__AIM OF THE TASK__
Print every line below exactly. Skip the pictures.

__RECORDS FOR THIS EXERCISE__
[Start of section]
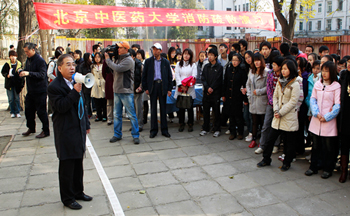 11月9日中午,保衛(wèi)處在西校區(qū)學(xué)六公寓舉行了消防疏散演習(xí)活動(dòng)。副校長(zhǎng)徐孝、保衛(wèi)處處長(zhǎng)呼永安、學(xué)工部部長(zhǎng)郭輝及相關(guān)部門(mén)負(fù)責(zé)人員和學(xué)生參加了演習(xí)。當(dāng)疏散警報(bào)響起,彩色煙霧彈升起后,各宿舍學(xué)生按照宿管員和班主任的引導(dǎo)路線(xiàn),以最快的速度有序地撤離宿舍樓向指定地點(diǎn)集中。隨后同學(xué)們?cè)诒Pl(wèi)處副處長(zhǎng)齊兵役的指導(dǎo)下,現(xiàn)場(chǎng)演練滅火器和水龍帶的使用方法。
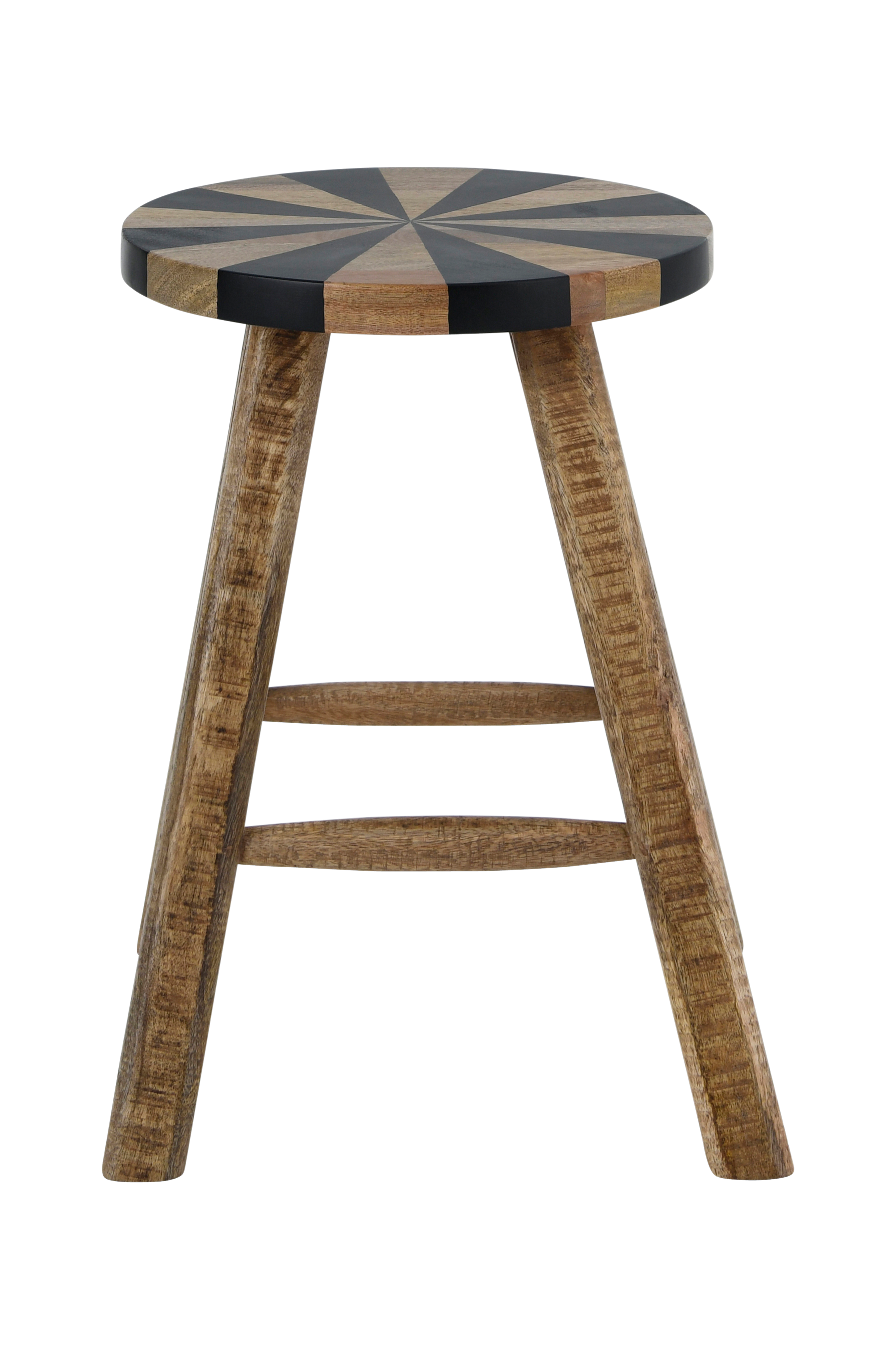 Krakk i mangotre med malt mønster på setet. Setets diameter 32 cm.
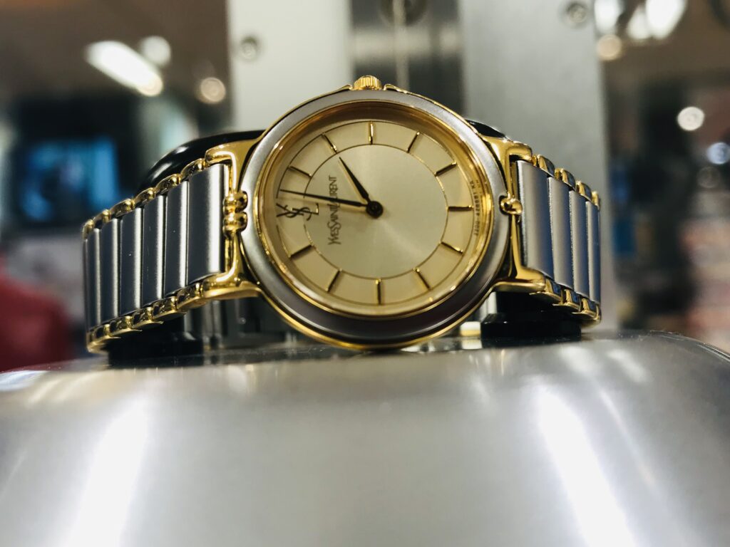 この度お預かり致しましたお品物はイヴ・サンローランのクォーツ時計でございます。
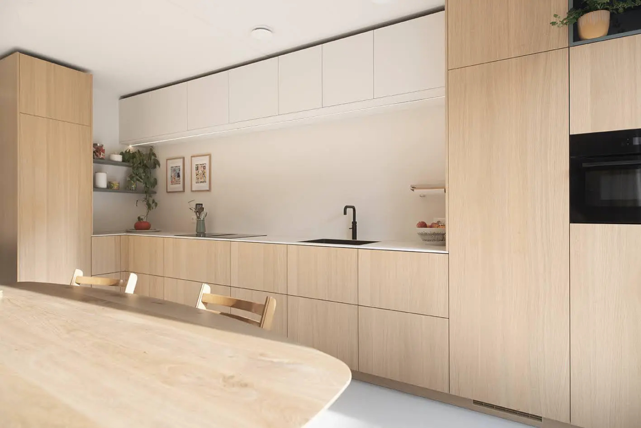 De fronten zijn uitgevoerd in speciaal eiken fineer met een dunne toplaag. Dit zorgt voor een verfijnde en natuurlijke uitstraling. In de gehele keuken is gekozen voor een push to open systeem, waardoor grepen achterwege blijven. Daarnaast is de laden look toegepast. Grote fronten zijn optisch verdeeld in meerdere ladevlakken terwijl ze technisch één geheel vormen. Dit draagt bij aan een consistent en rustig frontbeeld.
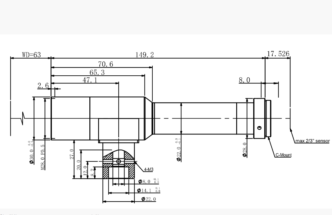 COOLENS 视清 WWH60-63CTV4-IR1170 远心镜头 基本参数 支持CCD尺寸(Φmm) 11.0(2/3") 放大倍率β(x) 6 物方工作距WD(mm) 63±1 像方F/# 20 物方景深DOF(mm) 0.04 像方畸变(% max) 0.08 物方远心度(° max) 0.06 镜头总长(mm) 149.2 镜头接口 C 物方分辨率(μm) 4.8 数值孔径 NA 0.15 是否同轴光 是 可变光栏 无 视野范围 (mmxmm) 1/2" (6.4x4.8) 1.07x0.8 1/1.8" (7.13x5.37) 1.19x0.9 2/3"(8.45x7.1) 1.41x1.18 结构图 手机/微信:13682357734 电话:0755-84690029 QQ: 2844337877 邮箱:2844337877@qq.com...
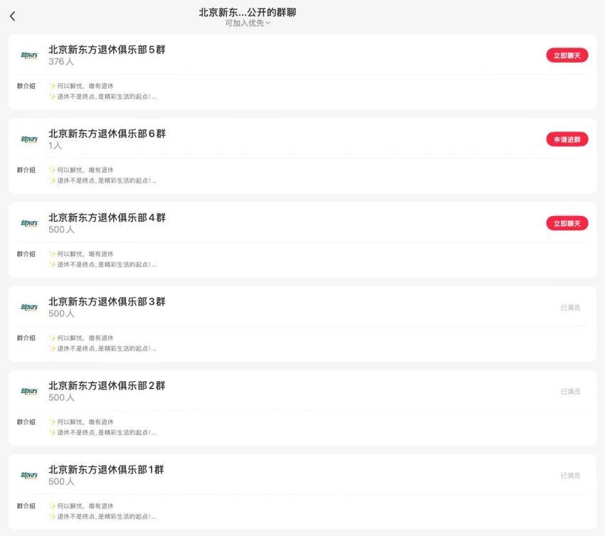 初步来看,用户对退休俱乐部的参与积极性飞扬。据盐财经不雅察,其官方粉丝群增长势头迅猛,现在已在小红书创建了6个粉丝群,其中3个群在短短一段时辰内便飞快满员(每个群500东谈主),群内既有北京腹地的老年东谈主主动守护课程报名事宜、期待尽快开课,也有不少年青东谈主主动参议辩论情况,策划为父母报名。
[End of section]
__PROBLEM SOLUTION__
 11月9日中午,保衛(wèi)處在西校區(qū)學(xué)六公寓舉行了消防疏散演習(xí)活動(dòng)。副校長(zhǎng)徐孝、保衛(wèi)處處長(zhǎng)呼永安、學(xué)工部部長(zhǎng)郭輝及相關(guān)部門(mén)負(fù)責(zé)人員和學(xué)生參加了演習(xí)。當(dāng)疏散警報(bào)響起,彩色煙霧彈升起后,各宿舍學(xué)生按照宿管員和班主任的引導(dǎo)路線(xiàn),以最快的速度有序地撤離宿舍樓向指定地點(diǎn)集中。隨后同學(xué)們?cè)诒Pl(wèi)處副處長(zhǎng)齊兵役的指導(dǎo)下,現(xiàn)場(chǎng)演練滅火器和水龍帶的使用方法。
 Krakk i mangotre med malt mønster på setet. Setets diameter 32 cm.
 この度お預かり致しましたお品物はイヴ・サンローランのクォーツ時計でございます。
 De fronten zijn uitgevoerd in speciaal eiken fineer met een dunne toplaag. Dit zorgt voor een verfijnde en natuurlijke uitstraling. In de gehele keuken is gekozen voor een push to open systeem, waardoor grepen achterwege blijven. Daarnaast is de laden look toegepast. Grote fronten zijn optisch verdeeld in meerdere ladevlakken terwijl ze technisch één geheel vormen. Dit draagt bij aan een consistent en rustig frontbeeld.
 COOLENS 视清 WWH60-63CTV4-IR1170 远心镜头 基本参数 支持CCD尺寸(Φmm) 11.0(2/3") 放大倍率β(x) 6 物方工作距WD(mm) 63±1 像方F/# 20 物方景深DOF(mm) 0.04 像方畸变(% max) 0.08 物方远心度(° max) 0.06 镜头总长(mm) 149.2 镜头接口 C 物方分辨率(μm) 4.8 数值孔径 NA 0.15 是否同轴光 是 可变光栏 无 视野范围 (mmxmm) 1/2" (6.4x4.8) 1.07x0.8 1/1.8" (7.13x5.37) 1.19x0.9 2/3"(8.45x7.1) 1.41x1.18 结构图 手机/微信:13682357734 电话:0755-84690029 QQ: 2844337877 邮箱:2844337877@qq.com...
 初步来看,用户对退休俱乐部的参与积极性飞扬。据盐财经不雅察,其官方粉丝群增长势头迅猛,现在已在小红书创建了6个粉丝群,其中3个群在短短一段时辰内便飞快满员(每个群500东谈主),群内既有北京腹地的老年东谈主主动守护课程报名事宜、期待尽快开课,也有不少年青东谈主主动参议辩论情况,策划为父母报名。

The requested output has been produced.